The United States fought against Mexico in what is known as the Mexican–American War. The war ended officially when the 1848 Treaty of Guadalupe Hidalgo was signed and forced onto the remnant Mexican government. It specified its major consequence, the Mexican Cession of the northern territories of Alta California and Santa Fe de Nuevo México to the United States.

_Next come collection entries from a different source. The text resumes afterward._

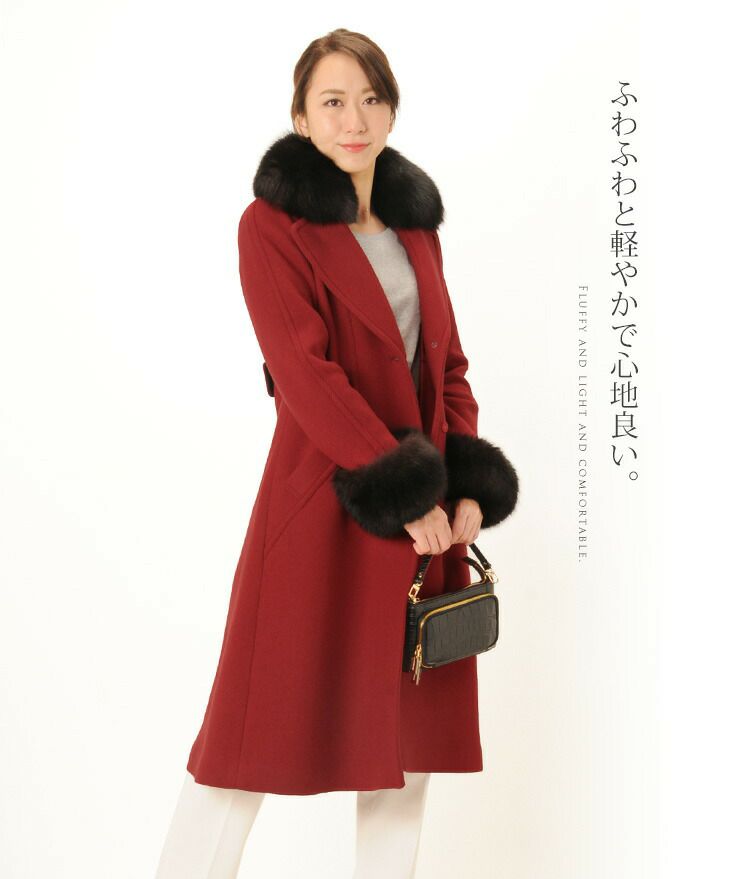 他の画像を見る ロングコート タスマニアリバーウール フォックスファー付き テーラーカラー 着丈106cm レディース 日本製 レッド/モカ/グレー 9号/11号 6F ¥ 77,000 税込 (0件) お気に入りに登録する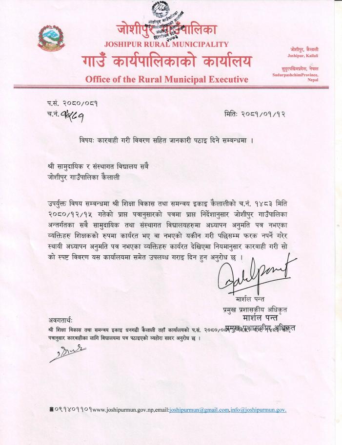 कारवाही गरी विवरण सहित जानकारी पठाई दिने सम्बन्धमा । (सामुदायिक र संस्थागत विद्यालय सबै)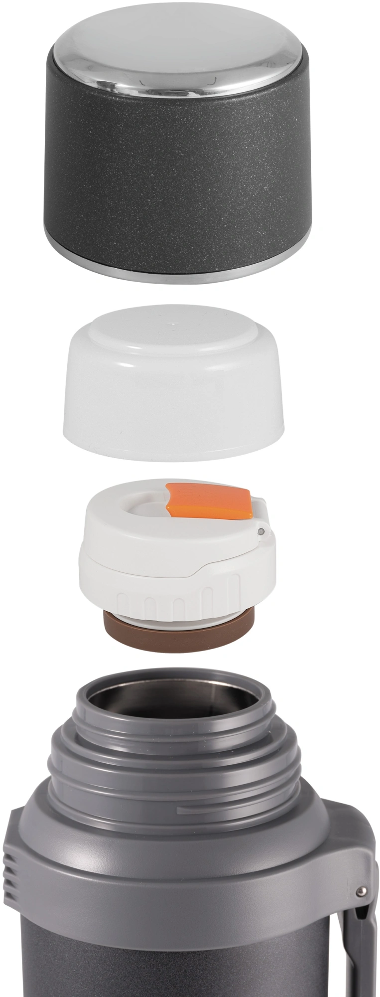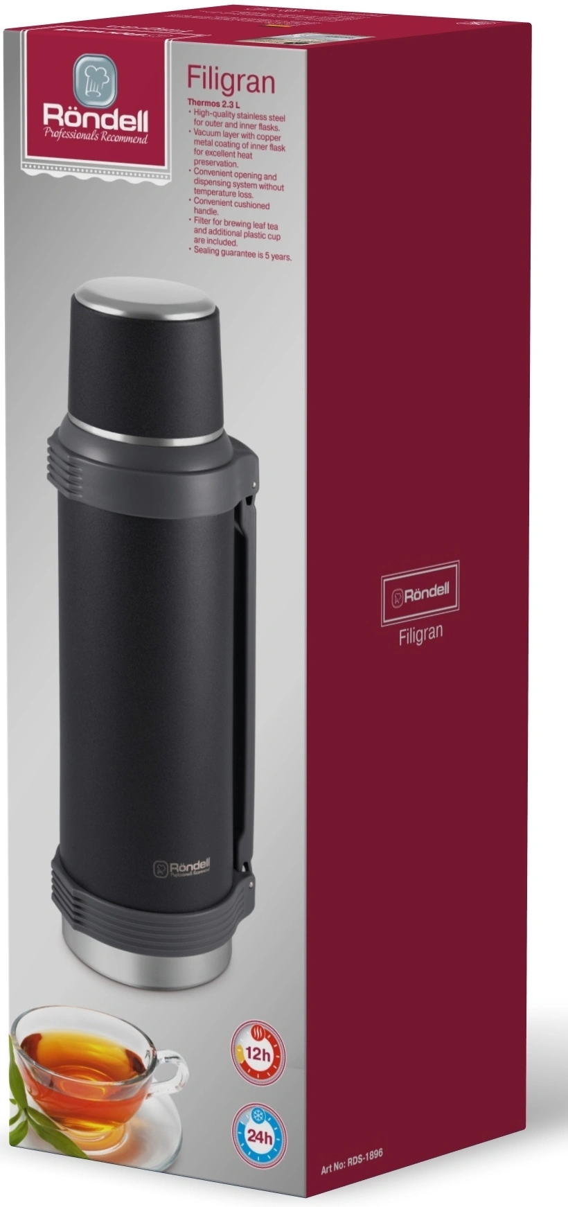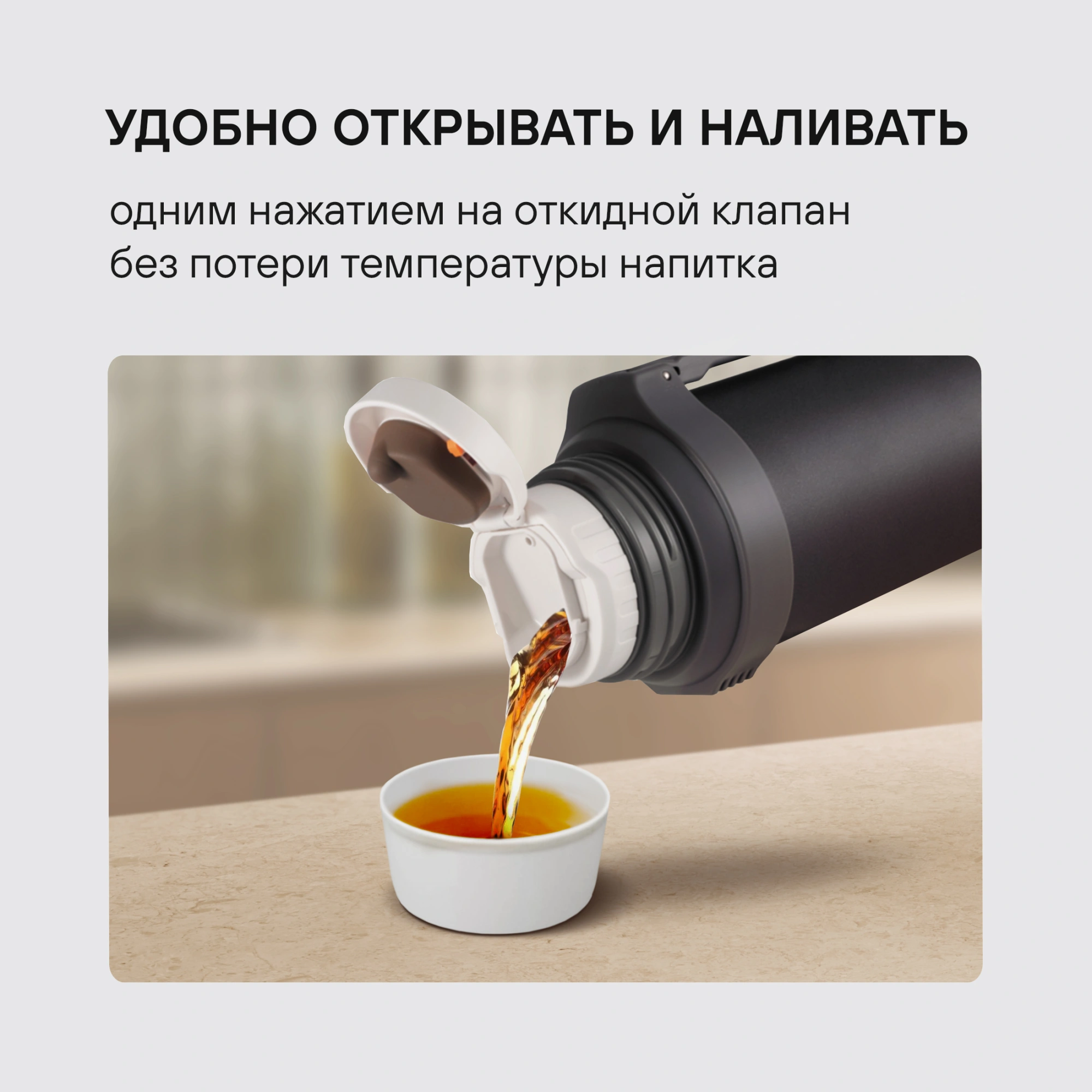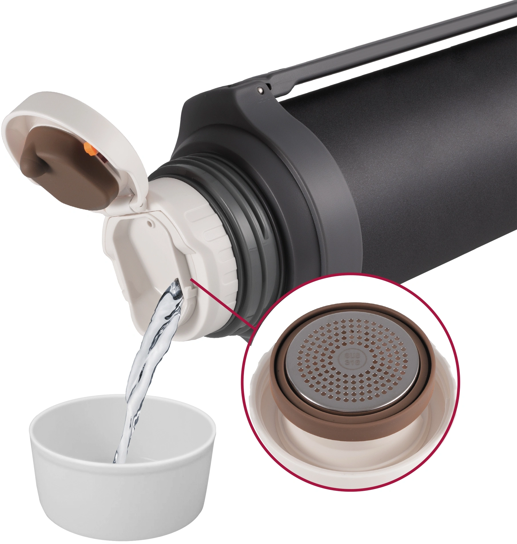 Нерж. сталь для внешней и внутр. колбы. Вакуумный слой с медной металлизацией внутр. колбы. Кнопочная система открывания и наливания без потери температуры. Амортизирующая ручка. Фильтр для заваривания листового чая в термосе. Крышка-чашка и доп. пластиковая чашка. Для горячих и холодных напитков.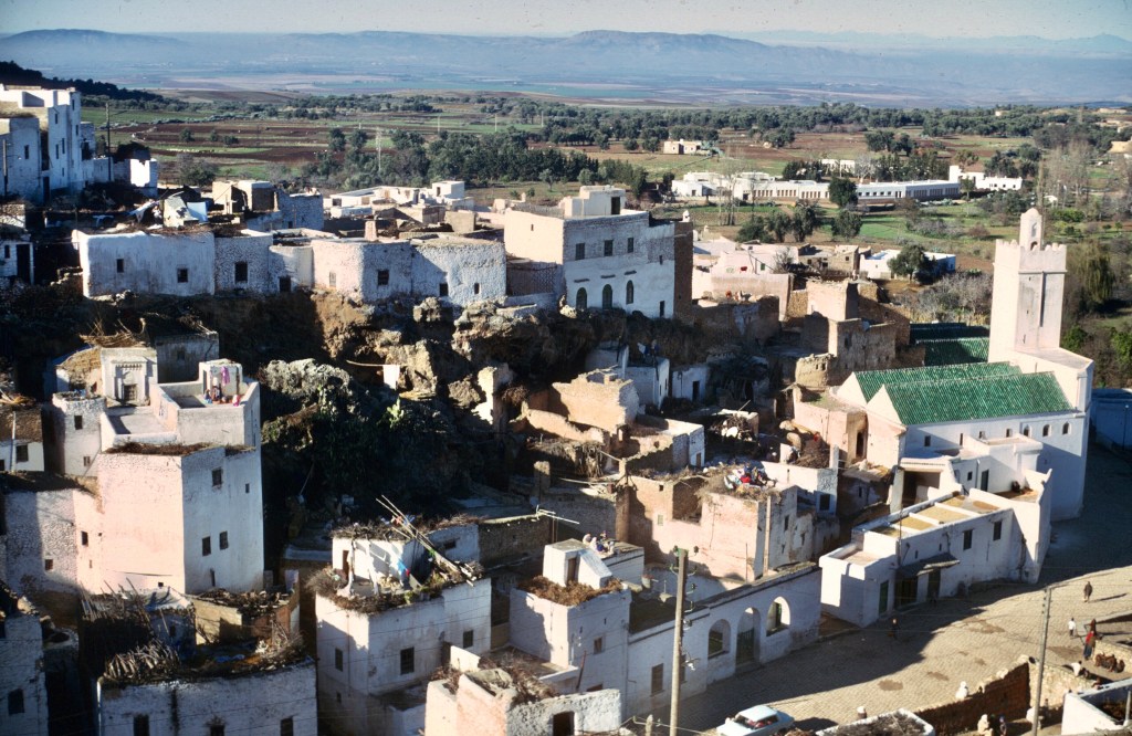 Vue vers le sud-est. Le cimetière juif est situé en bas à gauche de la photo. Sefrou occupe un bassin dont la majeure partie est entourée de collines. 1969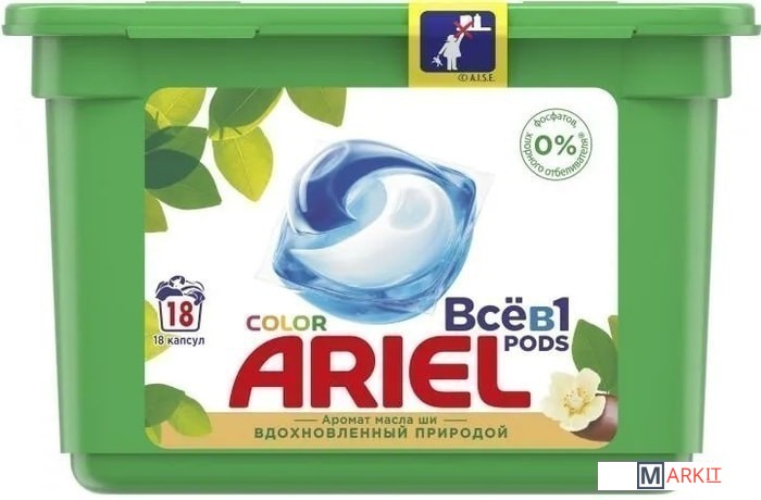 Капсулы для стирки ARIEL Pods Всё-в-1 Color Аромат масла ши - невероятная чистота в одной маленькой капсуле. Капсулы для стирки Ariel Pods Всё-в-1 Масло Ши Аромат Природы имеют уникальный многосекционный дизайн, позволяющий надежно сохранять компоненты в отдельных секциях капсулы до начала стирки, и обладают высококонцентрированными очищающими свойствами. Инновационная пленка капсул для стирки Ariel полностью растворяется при контакте с водой, позволяя мощным технологиям удалять различные виды пятен. Одна капсула содержит необходимую для стирки дозу лучшего жидкого средства от Ariel. Используйте в сочетании с кондиционерами для белья Lenor для придания дополнительной мягкости и свежести. ВНИМАНИЕ. Этот продукт может быть опасен и может нанести серьезные травмы. Храните капсулы Ariel Pods в недоступном для детей месте.Состав: >30% Анионные ПАВ, 5-15% Мыло,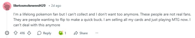 有网友自称一直都是宝可梦的忠实粉丝:“我现在既不能收集卡牌,也不想再收集了。这些人根本不是真正的粉丝,他们只是想倒卖卡牌赚快钱。我正在卖掉我所有的卡牌...我真的受够了。”

From 1851 to 1857 the U.S. Army sent three expeditions along the 35th parallel. the company led by Lt.Edward Fitzgerald Beale built a ten foot wide wagon road known as Beale's Wagon Road. The area was known as Navajo Springs, after a spring a dozen miles northeast of Holbrook. Soon afterwards a store and saloon were established at the confluence of the Rio Puerco and Little Colorado Rivers two miles east of what was to become Holbrook, and the area became known as the Horsehead Crossing. The wagon road that Lt. Beale built became a popular immigrant trail during the 1860s and 1870s, and it was this survey which marked out for the first time a practicable highway along the 35th parallel that has been used from that day on.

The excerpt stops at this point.